Sessions says he will ask Congress to tighten the rules on asylum seekers, claiming asylum fraud is widespread, Washington Post story by Sari Horwitz, link. The Center for Immigration Studies had made claims like this in a session reported here May 10 (q.v.)
Attorney Jason Dzubow has advised everyone about a new State Department rule that would tighten scrutiny of people who apply for non-immigrant visas, especially at consulates. His post is “New Rule Spells Trouble for Asylees”. The rule would penalize persons who “engage in conduct inconsistent with non-immigrant status” within 90 days of arrival.
The column then anticipates that USCIS would apply a similar rule as part of Trump’s “extreme vetting”. That presumably could mean that if someone applied for asylum after having entered the country as “non-immigrant”, that the asylum request would be more likely to be denied. In practice, Dzubow argues that real deportations would be unlikely. But the situation could provide more problems for those who would assist or host asylum seekers, who probably would not be allowed to work on their own.
Again, the lack of a formal system of sponsorship (outside of the I864 mechanism for relatives for example) in the US makes it very difficult for those who assist asylum seekers to know their responsibilities. It throws the whole thing into an under-the-table operation of grass-roots resistance, very much predicated on local social capital.
This development may become particularly troubling for LGBT asylum seekers, especially from countries besides the Middle East (like Russia and Chechnya).
OK, I am “retired”, and I “depend” on past accumulated wealth, much earned but some inherited, to keep these blogs going because they don’t pay for themselves. They don’t require much money (or Piketty-style capital) to run in the grand scheme of things, but they depend on stable infrastructure, security, and stable economic and personal circumstances for me.
Yes, stability. And judging from the “outside world” events of recent weeks, it doesn’t sound like something I can count on as much as I have.
For most of my adult working life, I was very much in command of the possibility for my own mistakes to undo me and possibly end my stable I.T. career (as with bad elevations into production).
But early in my life I was forced to be much more aware of eternal demands by the community I was brought in. Gender conformity had to do with that. Then came the military draft and Vietnam. There was an expectation of eventually having a family even if running a gauntlet that could expose me to some personal fair share of community hazards. This had much more to do with my own “mental health” problems in the age 19-21 range than I probably realized (including a brush with nihilism in 1964).

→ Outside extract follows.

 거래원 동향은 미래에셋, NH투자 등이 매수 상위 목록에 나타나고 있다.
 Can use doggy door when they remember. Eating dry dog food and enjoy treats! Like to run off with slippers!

It is true, of course, that my employment could be affected by outside business events like mergers and takeovers, but in my case these actually worked out in my favor. And earlier in my work life I was concerned about staying near a large city (New York) where it would be easier for me to “come out”; the energy crisis was actually a threat to my mobility, as was potentially NYC’s “drop dead” financial meltdown when I was (finally) living there.
So it is, in retirement. If you have accumulated wealth, you want the world to be stable so you don’t have to watch your back, and face sudden expropriation because of political deterioration (maybe combined with a natural catastrophe). You want to believe if you pay your bills, make good choices, and play by the “rules” you will be OK. And you find people knocking for attention your life, and you have to deal with the knowledge that they didn’t have the situational stability that “you” did.
It’s possible to find one’s life suddenly becomes a political bargaining chip. For example, Congress could try to means-test Social Security recipients (even current one) as part of its debt (and debt ceiling) issue.
I have to say I do have a gut reaction from “extremists”, whether associated with Communism (North Korea) or radical Islam, who make threats that sound personal, as if they saw someone like me as a personal enemy. I do understand the racial contact, that some people will take statements (hate speech) made on the alt-right that way, also. But combativeness has become a problem that I had not anticipated throughout most of my working life.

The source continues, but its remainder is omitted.